Skip failing model until issues is resolved (#638)

Depending on which machine Llama inference test lands, it'll ether pass or fail due to system DRAM limitations. In sum, during compile time Llama inference requires around 32GB of system memory, which is on limit for most machines. Therefore, untill this issues is resolved we're skipping this test to unblock our CI.
tenstorrent · Nov 7, 2024 · fcbee46 · fcbee46
1 parent 0f1d8ee
commit fcbee46
Showing 1 changed file with 1 addition and 1 deletion.

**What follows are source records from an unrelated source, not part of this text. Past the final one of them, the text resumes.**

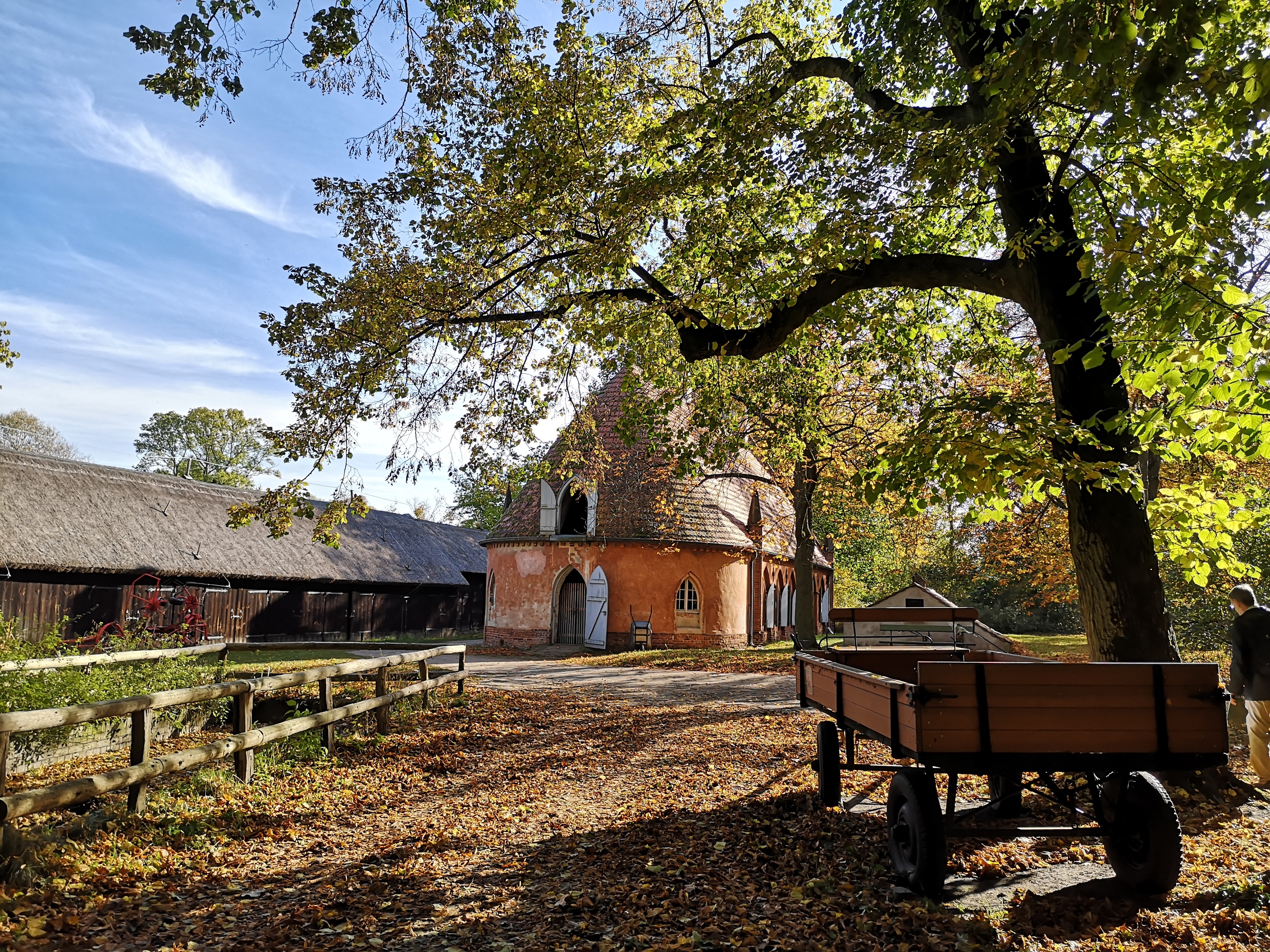 Zum Gehöft zählen wir auch die Ställe, Scheune und Remise mit Platz zum Aufbewahren mancherlei Dinge einer bäuerlichen Wirtschaft. Die ersten Pfauen kamen bereits 1795 auf die Insel – vom nahe gelegenen landwirtschaftlichen Gut Sacrow, also vom gegenüber liegenden Ufer der Havel. Sie hatten eine nur kurze Überseereise.
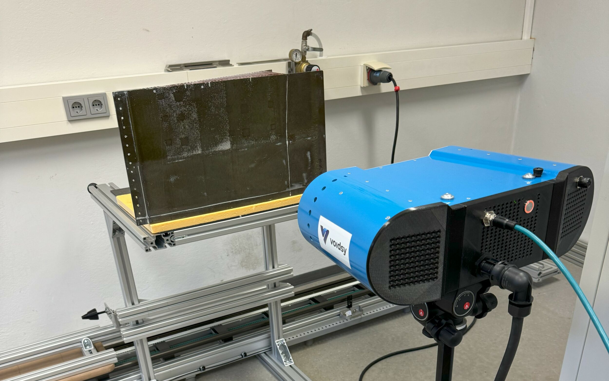 voidsy is an academic start-up of the University of Applied Sciences Upper Austria and initiated the product development of the photothermal tomography system 3D V-ROX. This system significantly improves NDT by offering accurate defect detection and quantification, in a contactless, fast and cost-efficient manner. The system consists of excitation units, a detector unit and an integrated computing unit. Due to its compact design and its low weight (<6kg), it is easily mounted on small robot arms or suitable for mobile, battery-operated applications. Even in manual inspection setups, its compact design facilitates quick setup without the need for alignment adjustments, thanks to its structurally fixed positions of the excitation and vision units.
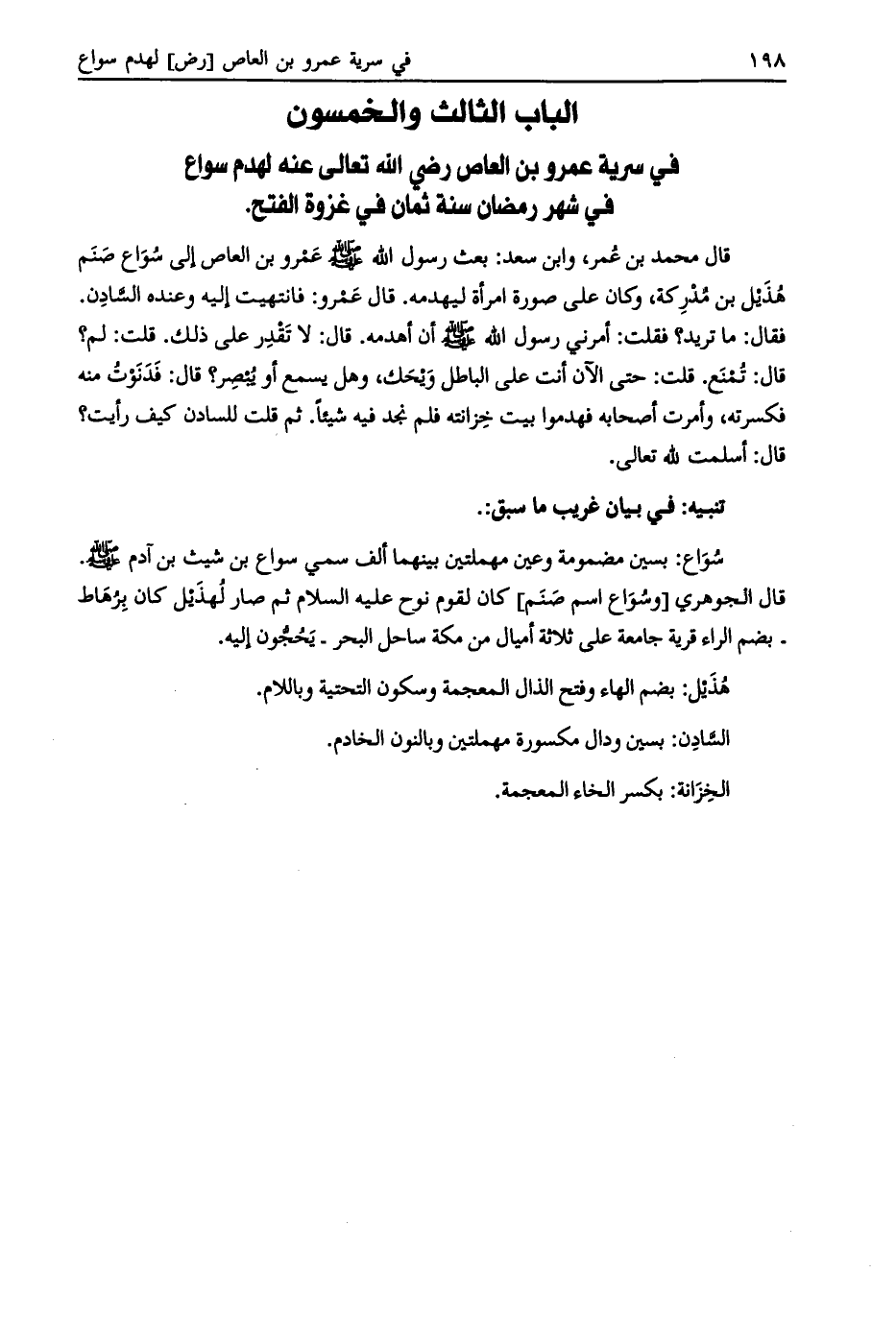 الباب الثالث والخمسون في سرية عمرو بن العاص رضي اللَّه تعالى عنه لهدم سواع في شهر رمضان سنة ثمان في غزوة الفتح.
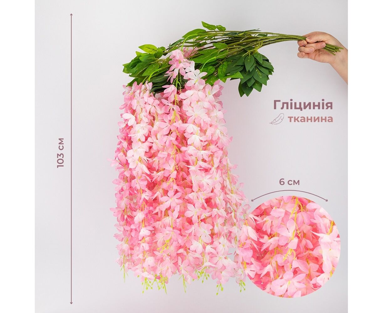 Набор из 12 свисающих веток "Глициния розовая", 103 см

diff --git a/forge/test/mlir/llama/test_llama_inference.py b/forge/test/mlir/llama/test_llama_inference.py
@@ -11,8 +11,8 @@
 
 
 @pytest.mark.parametrize("model_path", ["openlm-research/open_llama_3b", "meta-llama/Llama-3.2-1B"])
-@pytest.mark.xfail()
 @pytest.mark.push
+@pytest.mark.skip(reason="Out of system memory during compile time. Skipping until resolved")
 def test_llama_inference(model_path):
     if model_path == "meta-llama/Llama-3.2-1B":
         pytest.skip("Skipping test for Llama-3.2-1B model, waiting for new transformers version.")